# Your goal:
From the data that follows, set down exactly the lines from the one with "Le festival d’été" through the one with "按照中陕核集团基层单位目标责", counting both. Pictures stay out.

# Input material:
= = = =

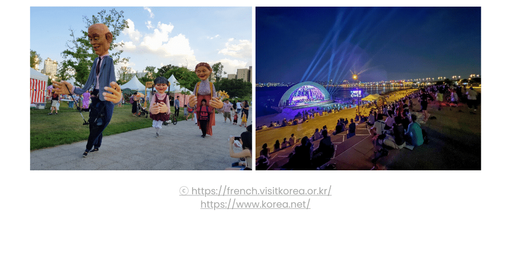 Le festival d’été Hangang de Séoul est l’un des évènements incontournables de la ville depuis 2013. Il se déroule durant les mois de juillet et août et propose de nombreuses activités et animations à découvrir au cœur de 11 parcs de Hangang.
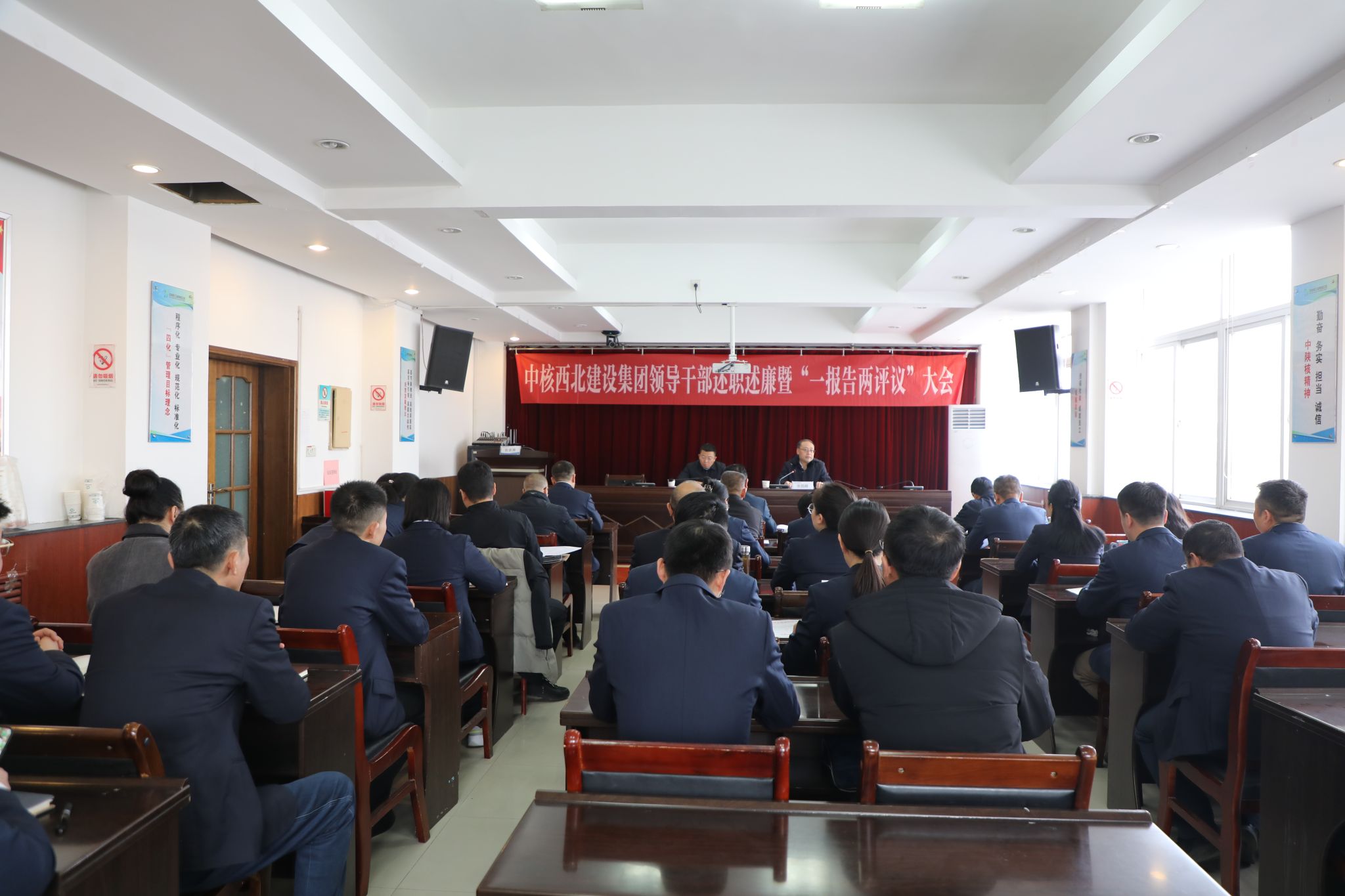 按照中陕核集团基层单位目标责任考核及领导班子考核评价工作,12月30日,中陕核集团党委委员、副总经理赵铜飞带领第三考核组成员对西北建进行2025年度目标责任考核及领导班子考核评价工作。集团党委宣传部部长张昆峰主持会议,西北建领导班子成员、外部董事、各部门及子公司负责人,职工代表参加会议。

= = = =

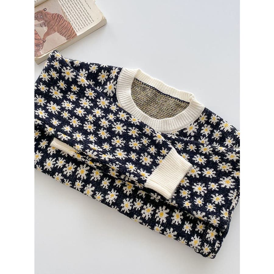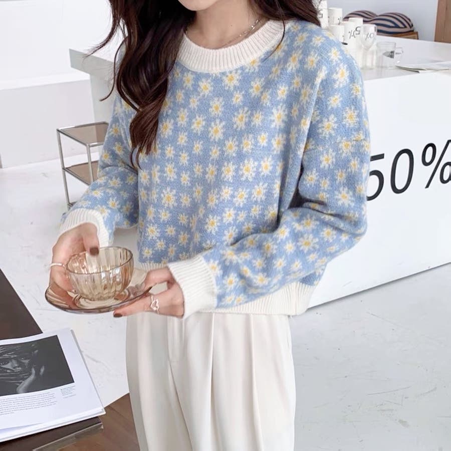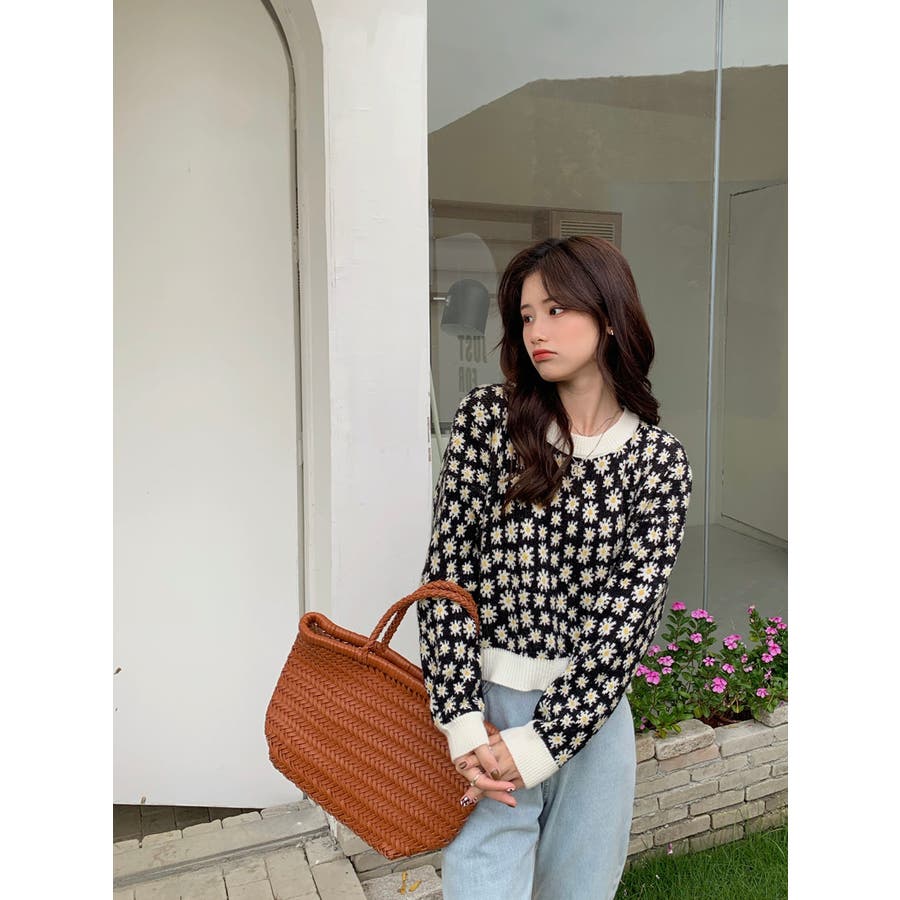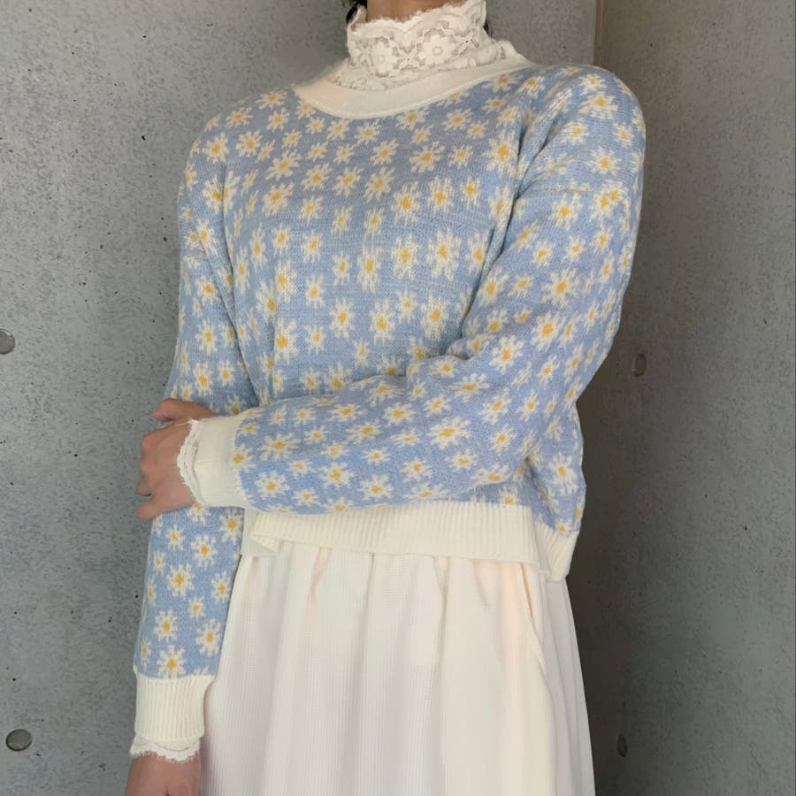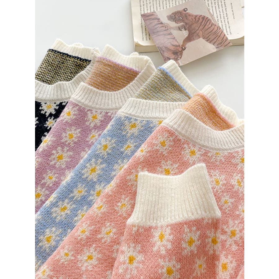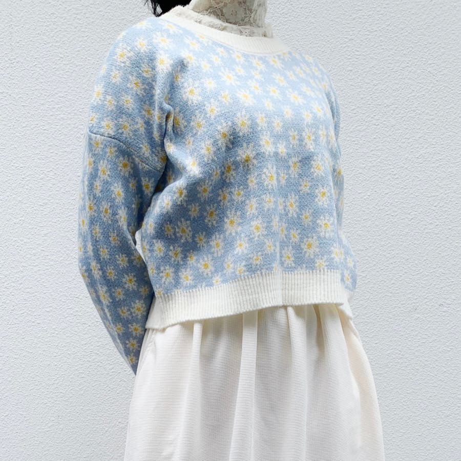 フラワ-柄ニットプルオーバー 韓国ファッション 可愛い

= = = =

# Your response:
 Le festival d’été Hangang de Séoul est l’un des évènements incontournables de la ville depuis 2013. Il se déroule durant les mois de juillet et août et propose de nombreuses activités et animations à découvrir au cœur de 11 parcs de Hangang.
 按照中陕核集团基层单位目标责任考核及领导班子考核评价工作,12月30日,中陕核集团党委委员、副总经理赵铜飞带领第三考核组成员对西北建进行2025年度目标责任考核及领导班子考核评价工作。集团党委宣传部部长张昆峰主持会议,西北建领导班子成员、外部董事、各部门及子公司负责人,职工代表参加会议。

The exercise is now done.